=== TASK TO COMPLETE ===
Only the text should come through, so restate the listing exactly and drop its images.

=== DATA SEGMENT ===

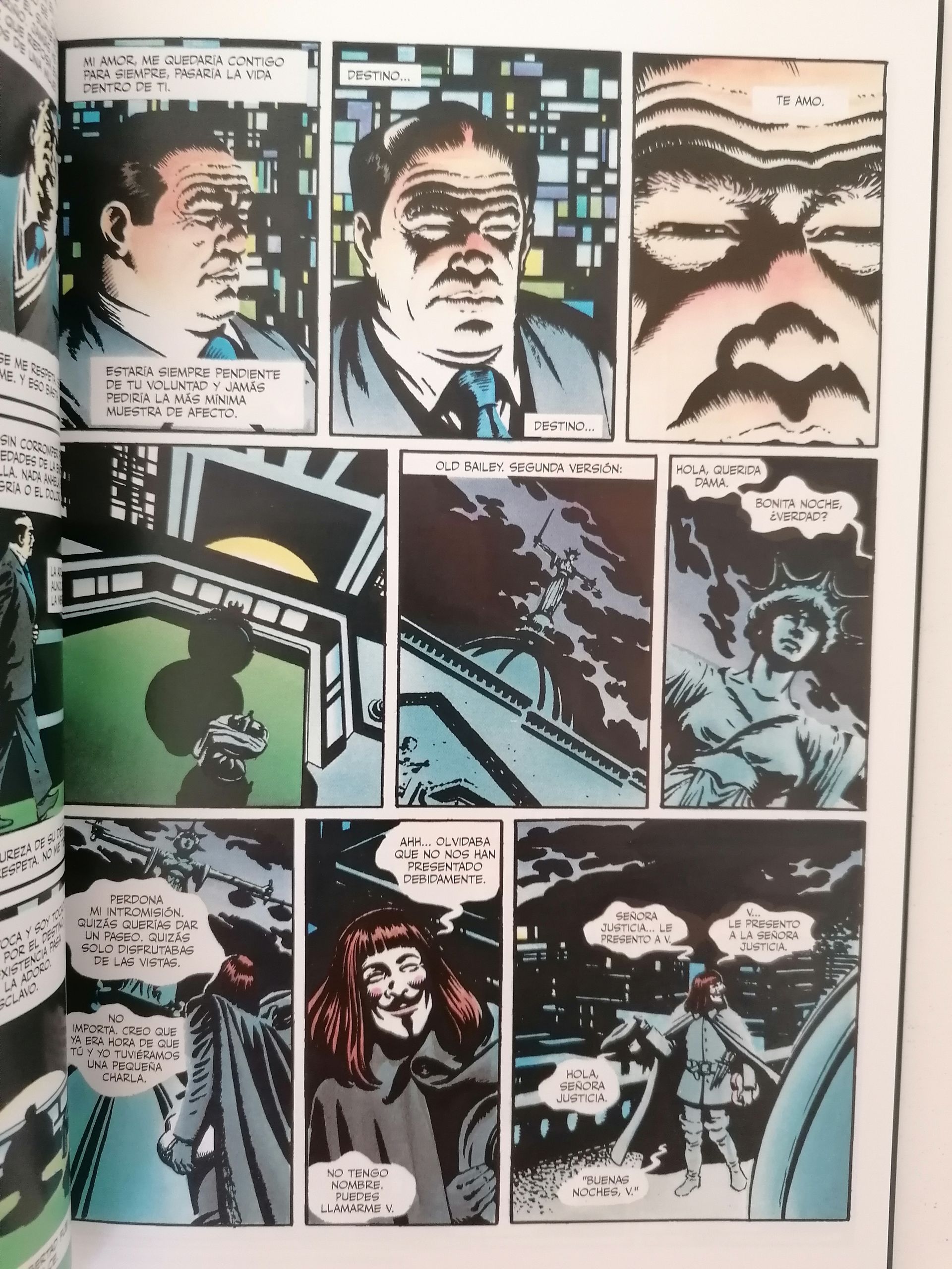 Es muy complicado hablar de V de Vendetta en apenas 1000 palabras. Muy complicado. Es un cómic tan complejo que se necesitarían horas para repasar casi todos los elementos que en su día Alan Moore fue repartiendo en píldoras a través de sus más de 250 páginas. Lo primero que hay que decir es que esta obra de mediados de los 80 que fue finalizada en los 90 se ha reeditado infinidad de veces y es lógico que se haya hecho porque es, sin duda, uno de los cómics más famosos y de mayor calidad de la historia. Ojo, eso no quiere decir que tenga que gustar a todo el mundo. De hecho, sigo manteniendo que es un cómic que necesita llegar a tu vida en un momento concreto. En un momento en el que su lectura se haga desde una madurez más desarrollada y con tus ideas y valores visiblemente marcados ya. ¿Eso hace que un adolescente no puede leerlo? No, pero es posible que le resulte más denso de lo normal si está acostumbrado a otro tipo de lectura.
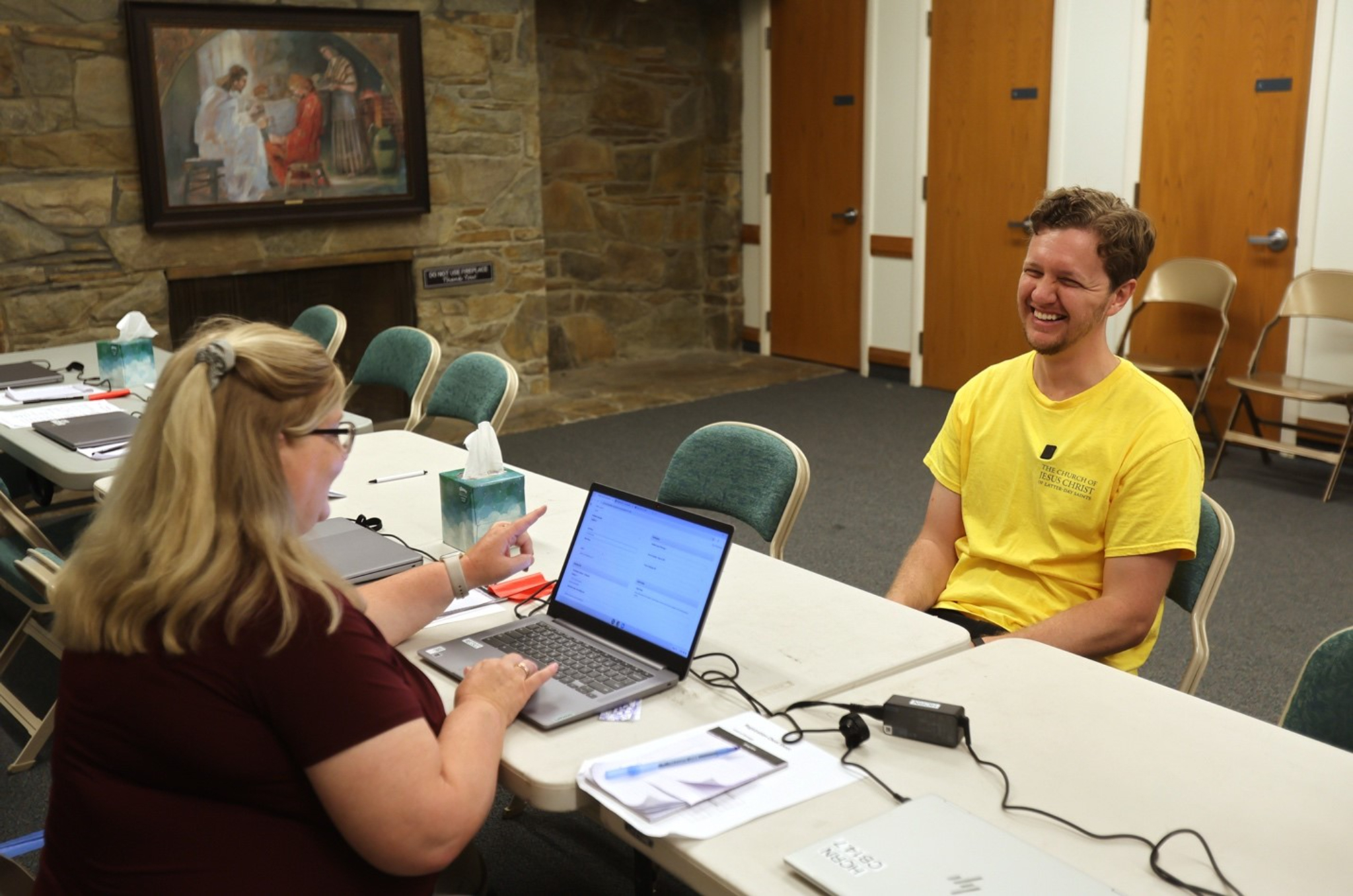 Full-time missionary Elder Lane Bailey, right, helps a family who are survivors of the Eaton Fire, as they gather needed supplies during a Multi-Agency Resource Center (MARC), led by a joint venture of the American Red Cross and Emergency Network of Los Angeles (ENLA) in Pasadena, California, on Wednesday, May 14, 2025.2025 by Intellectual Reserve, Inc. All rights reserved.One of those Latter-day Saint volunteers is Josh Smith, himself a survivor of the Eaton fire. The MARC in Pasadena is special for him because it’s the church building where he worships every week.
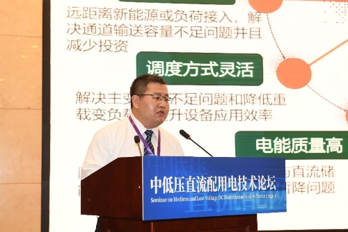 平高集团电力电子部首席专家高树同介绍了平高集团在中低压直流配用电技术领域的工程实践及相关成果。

=== SOLUTION ===
 Es muy complicado hablar de V de Vendetta en apenas 1000 palabras. Muy complicado. Es un cómic tan complejo que se necesitarían horas para repasar casi todos los elementos que en su día Alan Moore fue repartiendo en píldoras a través de sus más de 250 páginas. Lo primero que hay que decir es que esta obra de mediados de los 80 que fue finalizada en los 90 se ha reeditado infinidad de veces y es lógico que se haya hecho porque es, sin duda, uno de los cómics más famosos y de mayor calidad de la historia. Ojo, eso no quiere decir que tenga que gustar a todo el mundo. De hecho, sigo manteniendo que es un cómic que necesita llegar a tu vida en un momento concreto. En un momento en el que su lectura se haga desde una madurez más desarrollada y con tus ideas y valores visiblemente marcados ya. ¿Eso hace que un adolescente no puede leerlo? No, pero es posible que le resulte más denso de lo normal si está acostumbrado a otro tipo de lectura.
 Full-time missionary Elder Lane Bailey, right, helps a family who are survivors of the Eaton Fire, as they gather needed supplies during a Multi-Agency Resource Center (MARC), led by a joint venture of the American Red Cross and Emergency Network of Los Angeles (ENLA) in Pasadena, California, on Wednesday, May 14, 2025.2025 by Intellectual Reserve, Inc. All rights reserved.One of those Latter-day Saint volunteers is Josh Smith, himself a survivor of the Eaton fire. The MARC in Pasadena is special for him because it’s the church building where he worships every week.
 平高集团电力电子部首席专家高树同介绍了平高集团在中低压直流配用电技术领域的工程实践及相关成果。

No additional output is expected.